La seconda sfida è l’innovazione. I profeti sono delle sentinelle, che vigilano nel loro posto di vedetta. Anche il sindacato deve vigilare sulle mura della città del lavoro, come sentinella che guarda e protegge chi è dentro la città del lavoro, ma che guarda e protegge anche chi è fuori delle mura. Il sindacato non svolge la sua funzione essenziale di innovazione sociale se vigila soltanto su coloro che sono dentro, se protegge solo i diritti di chi lavora già o è in pensione. Questo va fatto, ma è metà del vostro lavoro. La vostra vocazione è anche proteggere chi i diritti non li ha ancora, gli esclusi dal lavoro che sono esclusi anche dai diritti e dalla democrazia.
Il lavoro, quindi, valore fondamentale dell’uomo e della società. Mi sembra questo il messaggio che il martirio di Filippo Intili, oggi ci ricorda, con la forza del suo sangue versato perché la giustizia prevalga sulla violenza e ogni forma di “mentalità mafiosa e omertosa”.
Come Filippo Intili, anche noi dobbiamo essere: martiri (cioè testimoni), profeti (annunciare la verità e la legalità), sentinelle (che vigilano) per annunciare che la notte sta per finire, il sole sta per sorgere, il nuovo giorno è iniziato.
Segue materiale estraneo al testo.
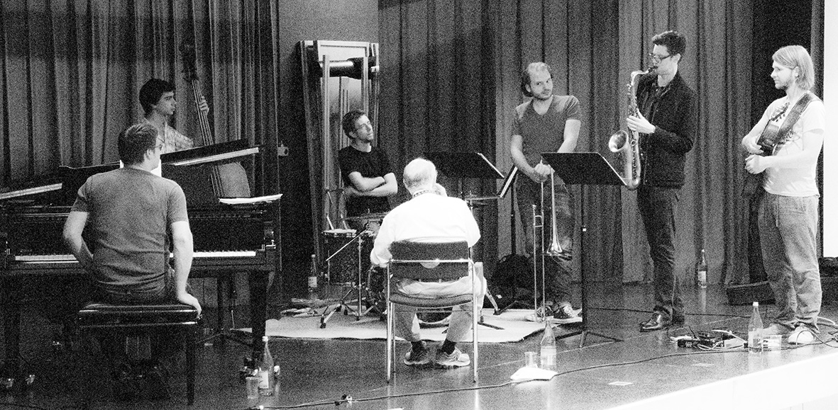 Im Vordergrund der Workshops stehen die Gestaltung der Tunes, das Zusammenspiel, die Aufteilung auf die Instrumentenstimmen, die Kommunikation auf der Bühne und wichtige Tipps aus erster Hand. Dabei gehen die Masterclass-Lehrer Seamus Blake (ts), Adrian Mears (tb), Don Friedman (p) und Lewis Nash (dr) ganz individuell vor. „Das Klima ist sehr gut. Und ich kann viel profitieren“, meint Vogelsang. „Weisst du, das ist ein schwieriger Job. Jeder hat seine Vorstellungen, was und wie man spielen könnte.“ Darüber hinaus geniesst Jonas den Kontakt mit den arrivierten Profis: „Don hat uns Anekdoten aus dem New York der 50er-Jahre erzählt.“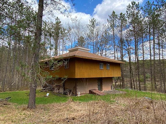 Built around 1992, this rustic cabin offers a unique and creative space for you to put the finishing touches on. Designed to resemble an early-settler blockhouse, the concrete-block dwelling has all of your basic amenities to start with, including 200 amp electric service, spring water, septic system, electric water heater, and is well-suited to have the potential to be heated with a forced air heating system, woodstove, or electric baseboards. Each level contains a square central room with an open space surrounding. The ground level contains a kitchen area with laundry, dining area, and full bathroom. Ascend the spiral staircase to the upper level, where you'll get a birds-eye view looking out to the surrounding countryside. This level is all open to be finished to your liking. The cabin is on a full basement containing the utilities and plenty of space for storage or a workshop. The 116+/- acres are mostly wooded with a varied terrain, extensive amount of road frontage on two roads, and stone walls and old barn foundations. The large pond is stocked with large-mouth bass and is surrounded by numerous blueberry, raspberry, and blackberry bushes. The large expanse of land is great for hiking, hunting, riding all-terrain vehicles, and is right on the local snowmobile trail network. Electric easements cross the property, creating trails and ease of access through portions of the land. Get away from it all and enjoy your weekends in the mountains, with ultimate privacy, outdoor recreation, and a large, quiet space.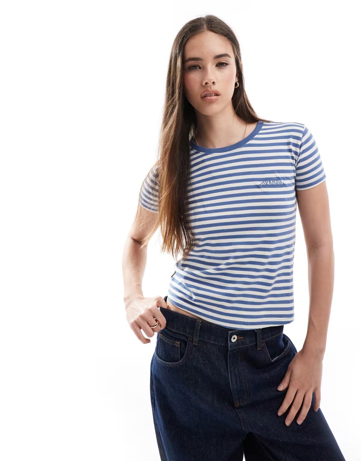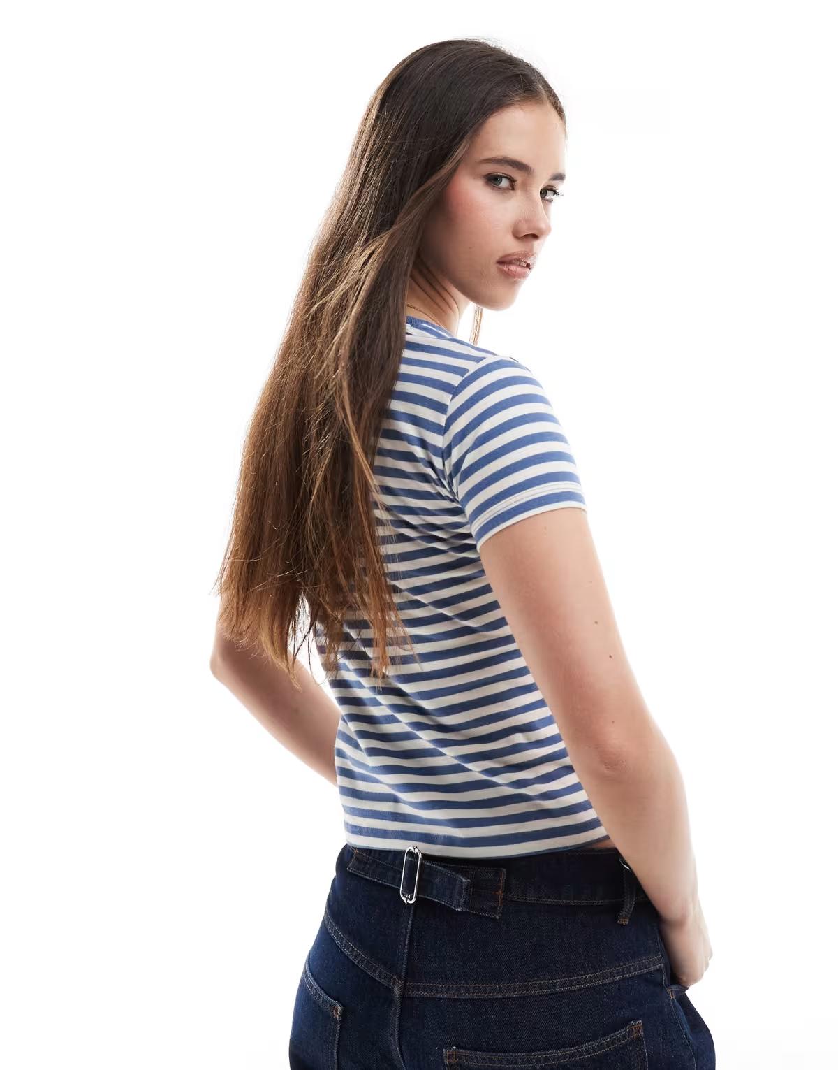Superdry Essential logo striped fitted t-shirt in wedgewood blue stripe

Viviamo come figli della luce, operatori di giustizia nella verità, uomini e donne liberi che sanno creare una società giusta e libera da ogni forma di violenza.
Padre Giovanni Calcara, domenicano

1 commento:

vera pegna ha detto...

Carissimo Giovanni, frate amico, leggo e condivido ogni parola. Filippo Intili era comunista e noi comunisti dobbiamo tendere ad essere etici, ovvero intransigenti sui principi morali, eretici, rifiutando ogni forma di conformismo e profetici, cercando di prevedere e - per quel po' che è possibile - disegnare il futuro. E' così che insieme, credenti e non credenti continueremo, la mano nella mano, a lavorare per un avvenire migliore.